Brief:
From the line containing "Das zentrale Element" down to the last line of the records below, restate each line word for word and leave out the rest.

Material for this exercise:
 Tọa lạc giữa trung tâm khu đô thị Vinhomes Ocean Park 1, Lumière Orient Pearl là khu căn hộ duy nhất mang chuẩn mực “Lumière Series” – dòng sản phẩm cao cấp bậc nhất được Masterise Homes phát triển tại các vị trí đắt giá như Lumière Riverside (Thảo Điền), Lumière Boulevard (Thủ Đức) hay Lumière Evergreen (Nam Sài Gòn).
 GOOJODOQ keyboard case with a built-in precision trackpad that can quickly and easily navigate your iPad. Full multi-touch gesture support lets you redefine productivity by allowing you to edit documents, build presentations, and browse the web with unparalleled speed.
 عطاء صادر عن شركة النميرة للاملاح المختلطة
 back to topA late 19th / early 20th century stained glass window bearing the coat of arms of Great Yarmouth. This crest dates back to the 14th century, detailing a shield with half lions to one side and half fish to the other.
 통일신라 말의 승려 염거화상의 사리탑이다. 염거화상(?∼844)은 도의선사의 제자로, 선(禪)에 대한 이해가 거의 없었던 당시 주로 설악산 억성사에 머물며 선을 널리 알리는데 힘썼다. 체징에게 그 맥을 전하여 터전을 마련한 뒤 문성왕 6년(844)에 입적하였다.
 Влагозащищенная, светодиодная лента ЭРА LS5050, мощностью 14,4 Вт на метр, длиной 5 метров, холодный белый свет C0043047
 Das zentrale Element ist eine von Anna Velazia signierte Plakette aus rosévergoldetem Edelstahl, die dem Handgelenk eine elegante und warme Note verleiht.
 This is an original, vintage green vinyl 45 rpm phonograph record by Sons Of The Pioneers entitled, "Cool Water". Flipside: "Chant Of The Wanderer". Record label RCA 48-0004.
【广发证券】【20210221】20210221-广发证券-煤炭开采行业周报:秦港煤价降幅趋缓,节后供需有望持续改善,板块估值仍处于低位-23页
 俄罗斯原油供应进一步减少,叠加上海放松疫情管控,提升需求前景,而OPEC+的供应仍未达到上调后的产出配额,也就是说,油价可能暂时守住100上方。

Answer to this problem:
 Das zentrale Element ist eine von Anna Velazia signierte Plakette aus rosévergoldetem Edelstahl, die dem Handgelenk eine elegante und warme Note verleiht.
 This is an original, vintage green vinyl 45 rpm phonograph record by Sons Of The Pioneers entitled, "Cool Water". Flipside: "Chant Of The Wanderer". Record label RCA 48-0004.
【广发证券】【20210221】20210221-广发证券-煤炭开采行业周报:秦港煤价降幅趋缓,节后供需有望持续改善,板块估值仍处于低位-23页
 俄罗斯原油供应进一步减少,叠加上海放松疫情管控,提升需求前景,而OPEC+的供应仍未达到上调后的产出配额,也就是说,油价可能暂时守住100上方。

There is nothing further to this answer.